Pictures excluded, please retype exactly the lines from the start of the data through the line that contains "Кондуктометр HI 8734", both ends kept, and nothing beyond them.

----- DATA -----

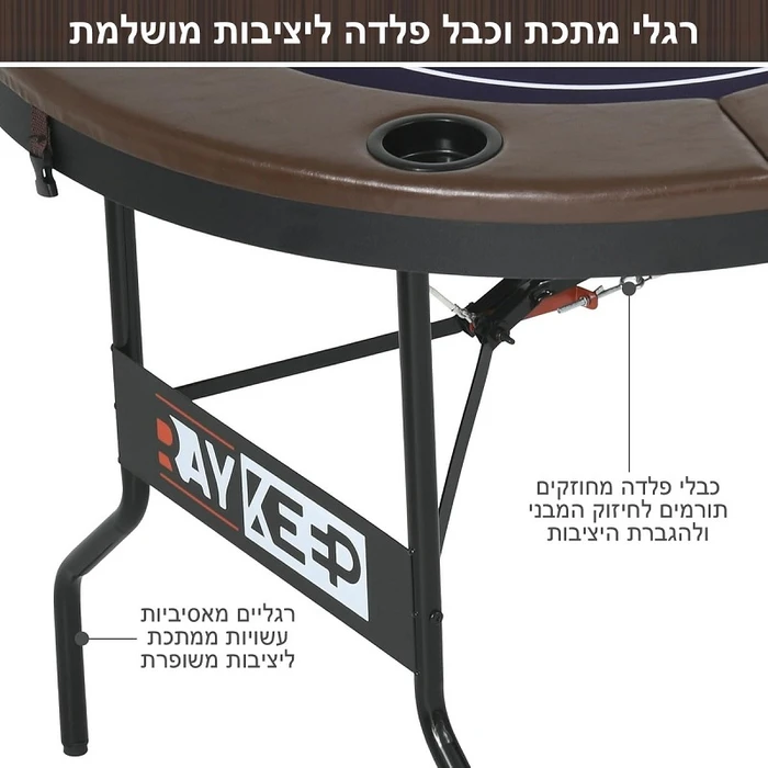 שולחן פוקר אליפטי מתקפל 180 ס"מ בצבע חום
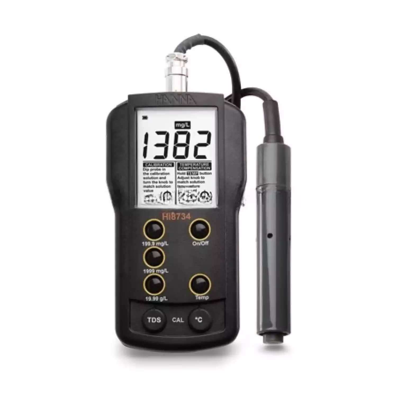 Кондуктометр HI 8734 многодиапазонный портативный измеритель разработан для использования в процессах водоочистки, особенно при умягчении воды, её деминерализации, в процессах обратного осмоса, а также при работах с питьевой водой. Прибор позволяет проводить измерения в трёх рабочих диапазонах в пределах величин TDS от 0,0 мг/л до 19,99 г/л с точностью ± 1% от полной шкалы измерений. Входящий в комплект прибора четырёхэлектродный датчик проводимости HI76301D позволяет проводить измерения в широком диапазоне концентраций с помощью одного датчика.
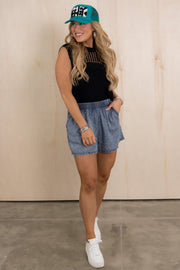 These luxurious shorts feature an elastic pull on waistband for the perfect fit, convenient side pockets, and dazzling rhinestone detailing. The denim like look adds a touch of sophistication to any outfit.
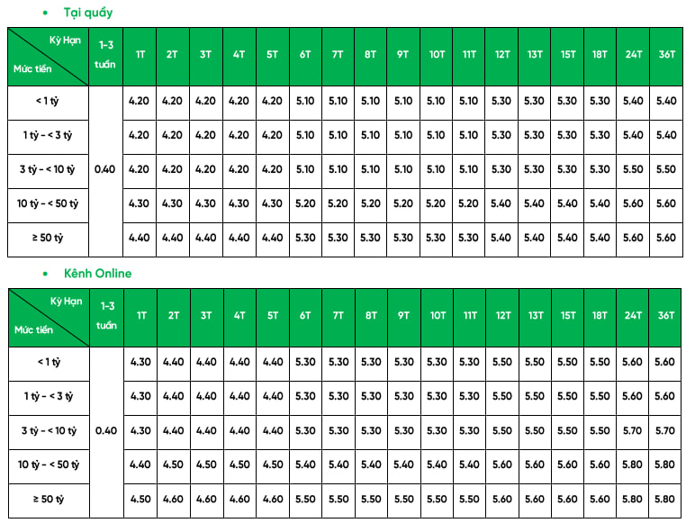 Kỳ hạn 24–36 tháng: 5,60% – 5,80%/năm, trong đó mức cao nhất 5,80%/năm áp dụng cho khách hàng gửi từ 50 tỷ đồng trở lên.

-----

• _RESPONSE_:
 שולחן פוקר אליפטי מתקפל 180 ס"מ בצבע חום
 Кондуктометр HI 8734 многодиапазонный портативный измеритель разработан для использования в процессах водоочистки, особенно при умягчении воды, её деминерализации, в процессах обратного осмоса, а также при работах с питьевой водой. Прибор позволяет проводить измерения в трёх рабочих диапазонах в пределах величин TDS от 0,0 мг/л до 19,99 г/л с точностью ± 1% от полной шкалы измерений. Входящий в комплект прибора четырёхэлектродный датчик проводимости HI76301D позволяет проводить измерения в широком диапазоне концентраций с помощью одного датчика.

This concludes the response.